Mr. Clark, who played a range of supporting roles, was in demand partly because of his handsome, dignified appearance, partly because of his versatility as an actor and his professionalism and partly because he had such an engaging off-stage personality and a fund of theater stories that actors, directors and even stagehands simply liked to have him around.

Indeed, Mr. Clark, a close friend of Dorothy Parker and other Algonquin Round Table regulars as well as of the Algonquin’s longtime owner, Frank Case, was considered such a boon companion that he made a cherished subsidiary career simply by having lunch.

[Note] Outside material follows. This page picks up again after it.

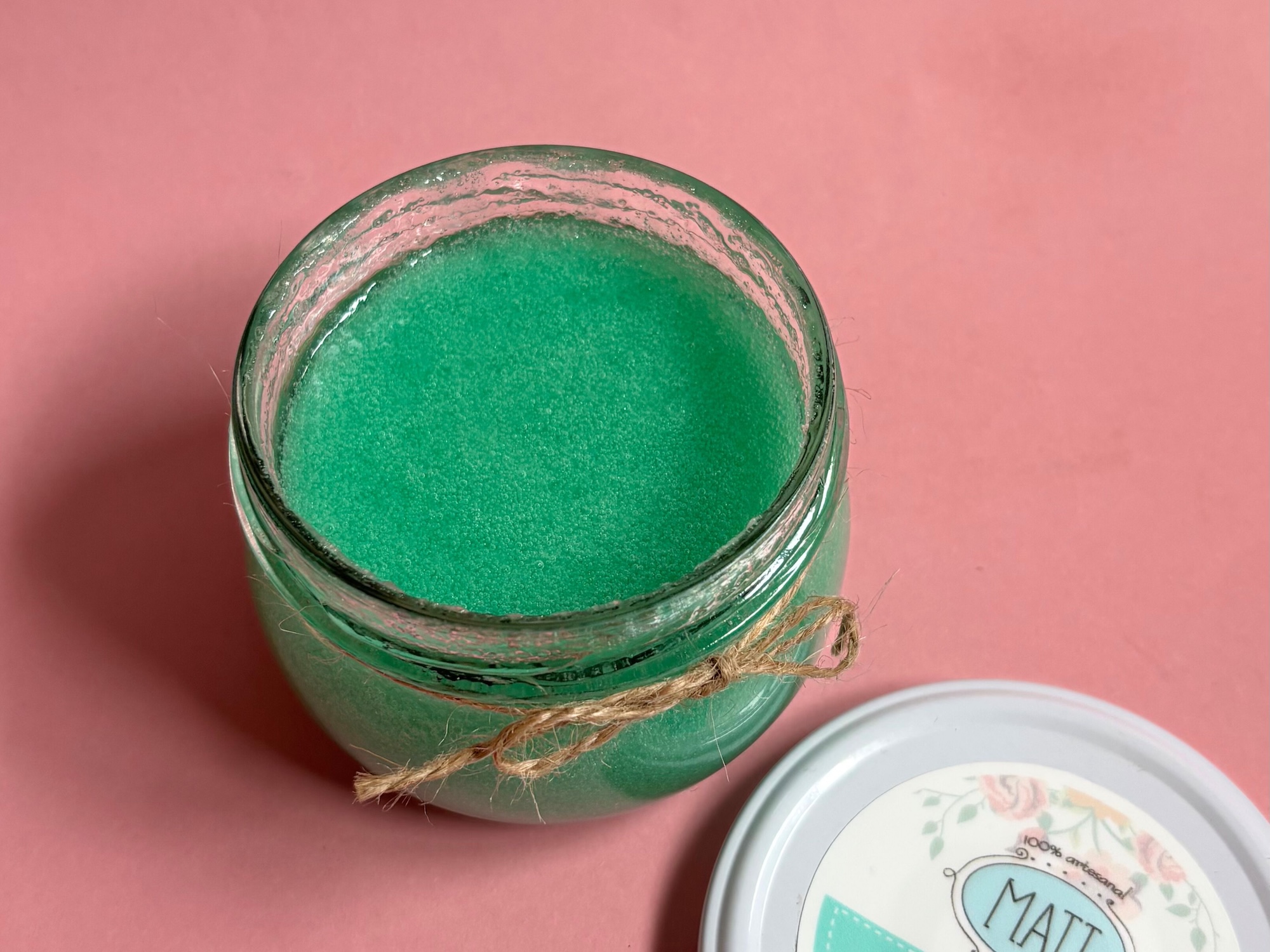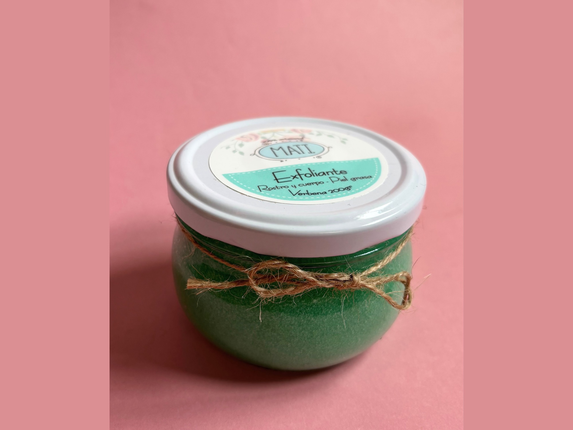 Está elaborado con azúcar, agua, betaína de coco, glicerina USP, aceite de jojoba, goma xanthan, aceite esencial de verbena, conservante aceptado en cosmética natural, mica.

As the secretary of the New York branch of the Escholier Club, which was founded by the financier Jules Bache and other wealthy theater buffs in 1941, he was in charge of rounding up the celebrity guests for the club’s regular lavish lunches at restaurants like the “21” Club, Lutèce and eventually the Four Seasons. Among those he recruited were Gertrude Lawrence, Vivien Leigh, Edith Piaf, Salvador Dali (a club favorite who made some 50 appearances in 30 years), and, in one memorable double bill, Maria Callas and Adlai Stevenson.

Mr. Clark, who wrote articles for The New Yorker and other magazines and served a year as theater editor of Vanity Fair in the 1930’s, was also a founder and first president of the Friends of Richard III, an organization founded in 1955 to establish that the British monarch was not the murderous thug that his Tudor successors and Shakespeare made him out to be.

Of all Mr. Clark’s Broadway roles, it was as a society cad in the 1942 production of “Counselor at Law” with Paul Muni that Mr. Clark made his most lasting impression, at least on a 19-year-old actress named Frances Tannehill. Miss Tannehill, who became his wife, had to be prompted yesterday to recall her part in the play.

“I’m such a dignified lady,” she said. “I played a hooker.”

Mr. Clark, an Episcopalian, and Miss Tannehill, a Catholic, were married in 1945 in what Mr. Clark insisted on calling the St. Patrick’s mixed grill: the cathedral rectory.

While his stage career may have been lost with the flow of time, at least two of his performances will apparently live forever. He appears as a film producer in a “Honeymooners” episode known as “On Stage” and, most memorably, as Andre, the decorator who leaves his glove behind in “Pardon My Glove.”

In addition to his wife, he is survived by a daughter, Nicole, of Manhattan.